## Brief
When you copy the data that follows, reproduce every word exactly and leave out the images.

*** Recorded information ***

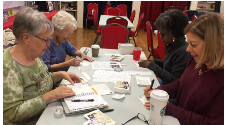
Above, FEAT members meet to address postcards being sent to voters in Mecklenburg and surrounding counties urging them to support the Reasonable Redistricting Reform movement.
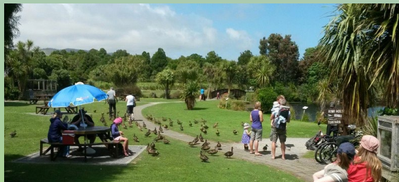
Travel to local attractions
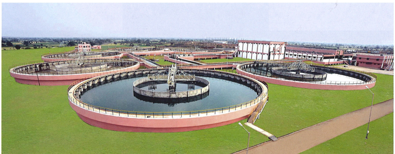
363 MLD, WTP at Baklai for Indore Municipal Corporation
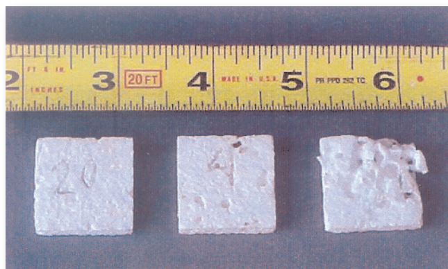
Photo A: Comparison of EPS in AWPA E1 two choice test (4 week exposure) (L-R): PREVENTOL® TM Preservative Insecticide, borate, and untreated.

carcinogenicity for humans. The product is safe to handle by insulation installers. Additionally, PREVENTOL® TM Preservative Insecticide has low water solubility which ensures the active ingredient will remain in the foam, thus providing long term efficacy against termites, even under harsh conditions and climates.
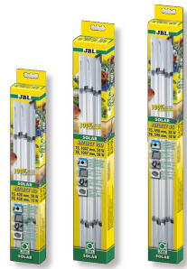
JBL SOLAR Reflect T5/ T8 - 895-1500 mm Reflector panel for fluorescent tube
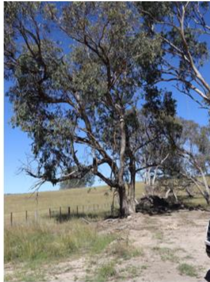
Location of T26 from Green Valley Road
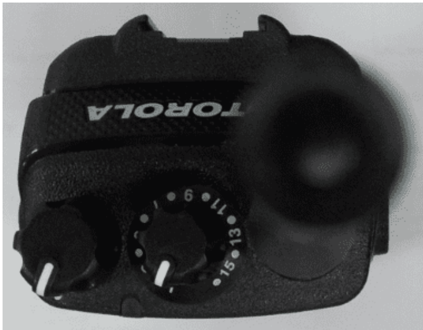
Top View for Limited Keypad and Non-Keypad Model (with Antenna)
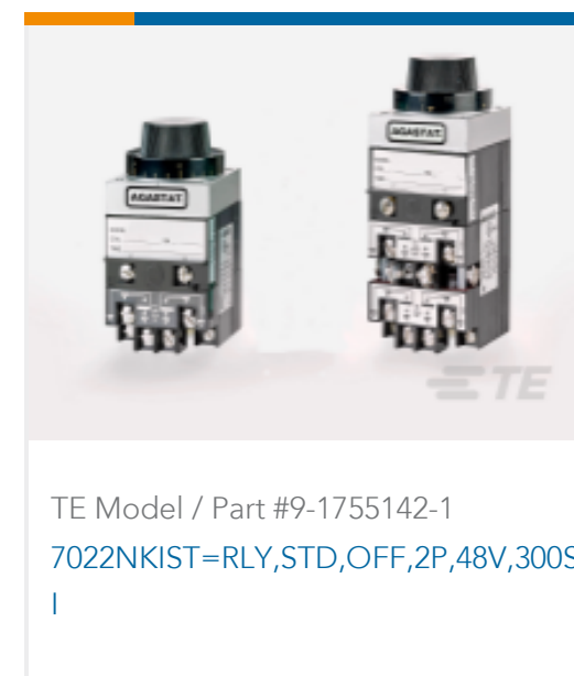
TE Model / Part #9-1755142-1 7022NKIST=RLY,STD,OFF,2P,48V,300S, I
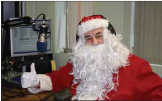
Father Christmas at Ridge Radio.

early because I cannot deliver your presents whilst you are awake." Father Christmas gave Christmas wishes to some local children who had written in to the show. He also asked if children could leave out some carrots for his hard working reindeer. In the week of Monday 10th December, Caterham Rotary Club and Father Christmas went around the local streets with their Christmas float to raise money for local charities and allow Father Christmas to meet some of the children who had sent him Christmas lists and check whether they should be on the good or naughty list!
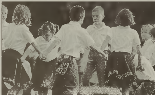
ASHEVILLE FOLK HERITAGE COMMITTEE

Shindig is a celebration of traditional and old-time bands, ballad singers and big circle mountain dancers in Asheville. The festival will be held Saturdays in July
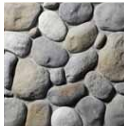
RIVER ROCK Natures Blend S4355-8
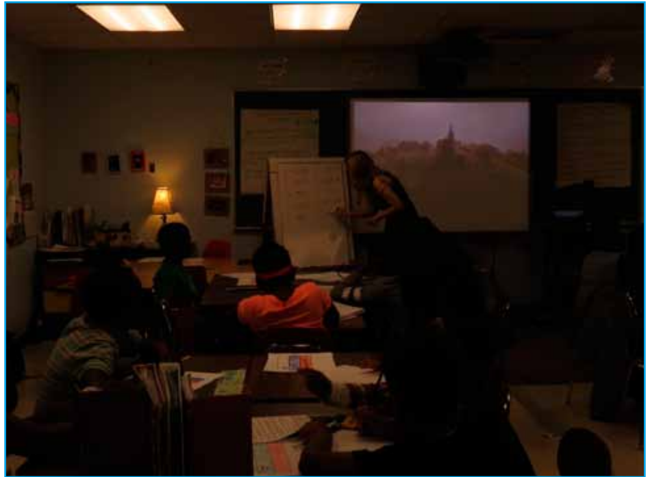
Learning numbers in Slovenian language.

The Embassy Adoption Program is designed to combine embassy officials, teachers, and students from participating schools in order to expand the students' knowledge of different countries worldwide.

***

## Reply
Above, FEAT members meet to address postcards being sent to voters in Mecklenburg and surrounding counties urging them to support the Reasonable Redistricting Reform movement.
Travel to local attractions
363 MLD, WTP at Baklai for Indore Municipal Corporation
Photo A: Comparison of EPS in AWPA E1 two choice test (4 week exposure) (L-R): PREVENTOL® TM Preservative Insecticide, borate, and untreated.

carcinogenicity for humans. The product is safe to handle by insulation installers. Additionally, PREVENTOL® TM Preservative Insecticide has low water solubility which ensures the active ingredient will remain in the foam, thus providing long term efficacy against termites, even under harsh conditions and climates.
JBL SOLAR Reflect T5/ T8 - 895-1500 mm Reflector panel for fluorescent tube
Location of T26 from Green Valley Road
Top View for Limited Keypad and Non-Keypad Model (with Antenna)
TE Model / Part #9-1755142-1 7022NKIST=RLY,STD,OFF,2P,48V,300S, I
Father Christmas at Ridge Radio.

early because I cannot deliver your presents whilst you are awake." Father Christmas gave Christmas wishes to some local children who had written in to the show. He also asked if children could leave out some carrots for his hard working reindeer. In the week of Monday 10th December, Caterham Rotary Club and Father Christmas went around the local streets with their Christmas float to raise money for local charities and allow Father Christmas to meet some of the children who had sent him Christmas lists and check whether they should be on the good or naughty list!
ASHEVILLE FOLK HERITAGE COMMITTEE

Shindig is a celebration of traditional and old-time bands, ballad singers and big circle mountain dancers in Asheville. The festival will be held Saturdays in July
RIVER ROCK Natures Blend S4355-8
Learning numbers in Slovenian language.

The Embassy Adoption Program is designed to combine embassy officials, teachers, and students from participating schools in order to expand the students' knowledge of different countries worldwide.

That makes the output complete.